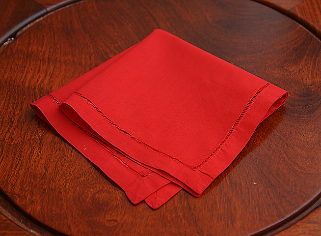 True Red color Hemstitch Handkerchief
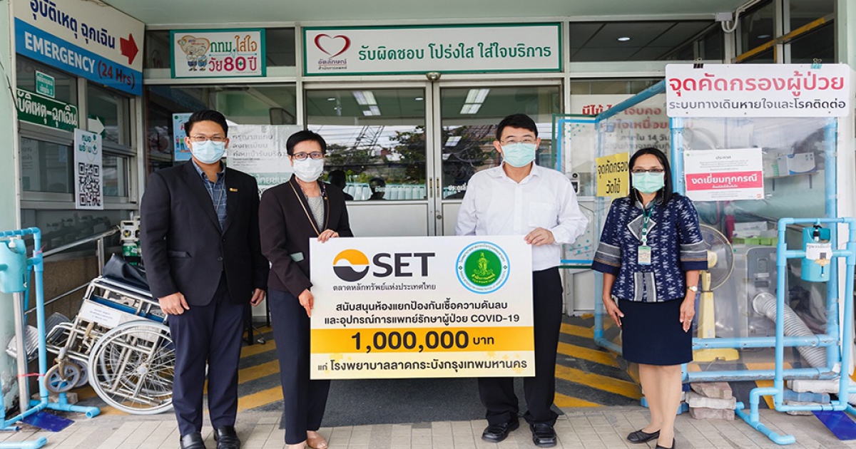 ตลาดหลักทรัพย์แห่งประเทศไทย มอบการสนับสนุนห้องแยกป้องกันเชื้อความดันลบและอุปกรณ์การแพทย์เพื่อรักษาผู้ป่วย COVID-19 มูลค่า 1,000,000 บาท ให้แก่โรงพยาบาลลาดกระบังกรุงเทพมหานคร โดยมี อัญญาชลี กมเลศร์ รองผู้อำนวยการ ฝ่ายบริหารกิจกรรมเพื่อสังคม ตลาดหลักทรัพย์ฯ เป็นตัวแทนส่งมอบแก่ นพ. เอกชัย ผดุงภักดีวงศ์ รองผู้อำนวยการโรงพยาบาล ฝ่ายการแพทย์ โรงพยาบาลลาดกระบังกรุงเทพมหานคร ทั้งนี้ ตลาดหลักทรัพย์ฯ มุ่งเป็นส่วนหนึ่งในการบรรเทาความเดือดร้อนแก่ประชาชนจากสถานการณ์ของ COVID-19 และให้การสนับสนุนแก่องค์กรและหน่วยงานที่ทำหน้าที่ดูแลประชาชนจนกว่าสถานการณ์จะคลี่คลาย
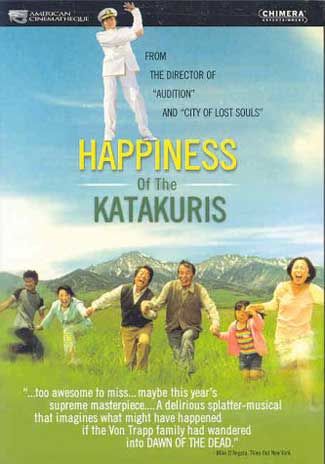 I saved this for last on the list because it’s so radically different from the rest of Miike’s work…or is it? As I mentioned at the beginning of this piece, Miike is well-known for being pretty much the hardest-working director in film today, regularly pumping out anywhere from three to five films a year, spanning multiple genres, budgets and formats. He’ll make a mini-series, follow it up with a gory Yakuza flick, and then pull out something like AUDITION that floors everyone who sees it. Then, he’ll come out with a flick that entirely defies the concept of genre, like THE HAPPINESS OF THE KATAKURIS.
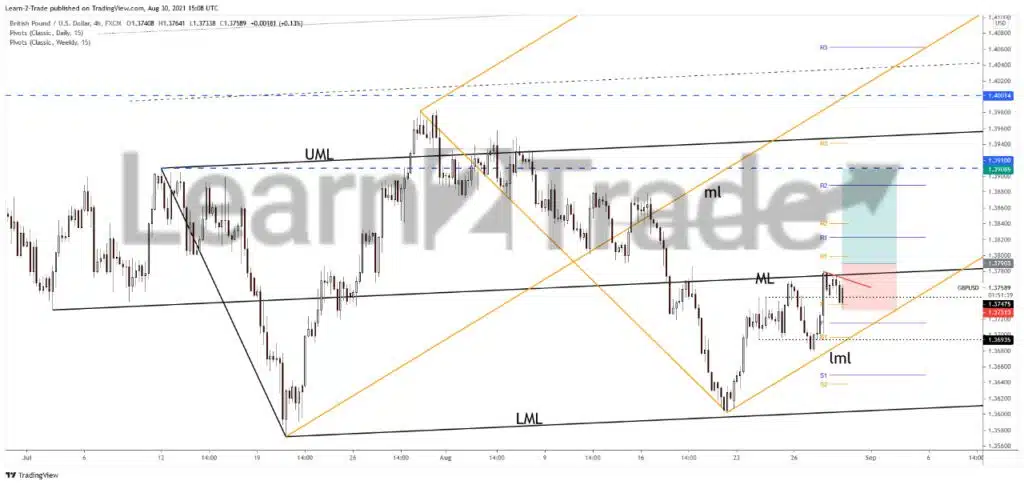 GBP/USD has decreased a little after reaching the median line (ML). The median line was seen as a dynamic resistance. Now, it has found support in the daily pivot point (1.3738) level. Technically, making a valid breakout through the median line (ML) could signal an important upwards movement.
◆ ◆ ◆ ◆
## [WHAT IS REQUIRED]
Print the listing exactly, but skip its pictures.

## [ANSWER TO THIS EXERCISE]
 True Red color Hemstitch Handkerchief
 ตลาดหลักทรัพย์แห่งประเทศไทย มอบการสนับสนุนห้องแยกป้องกันเชื้อความดันลบและอุปกรณ์การแพทย์เพื่อรักษาผู้ป่วย COVID-19 มูลค่า 1,000,000 บาท ให้แก่โรงพยาบาลลาดกระบังกรุงเทพมหานคร โดยมี อัญญาชลี กมเลศร์ รองผู้อำนวยการ ฝ่ายบริหารกิจกรรมเพื่อสังคม ตลาดหลักทรัพย์ฯ เป็นตัวแทนส่งมอบแก่ นพ. เอกชัย ผดุงภักดีวงศ์ รองผู้อำนวยการโรงพยาบาล ฝ่ายการแพทย์ โรงพยาบาลลาดกระบังกรุงเทพมหานคร ทั้งนี้ ตลาดหลักทรัพย์ฯ มุ่งเป็นส่วนหนึ่งในการบรรเทาความเดือดร้อนแก่ประชาชนจากสถานการณ์ของ COVID-19 และให้การสนับสนุนแก่องค์กรและหน่วยงานที่ทำหน้าที่ดูแลประชาชนจนกว่าสถานการณ์จะคลี่คลาย
 I saved this for last on the list because it’s so radically different from the rest of Miike’s work…or is it? As I mentioned at the beginning of this piece, Miike is well-known for being pretty much the hardest-working director in film today, regularly pumping out anywhere from three to five films a year, spanning multiple genres, budgets and formats. He’ll make a mini-series, follow it up with a gory Yakuza flick, and then pull out something like AUDITION that floors everyone who sees it. Then, he’ll come out with a flick that entirely defies the concept of genre, like THE HAPPINESS OF THE KATAKURIS.
 GBP/USD has decreased a little after reaching the median line (ML). The median line was seen as a dynamic resistance. Now, it has found support in the daily pivot point (1.3738) level. Technically, making a valid breakout through the median line (ML) could signal an important upwards movement.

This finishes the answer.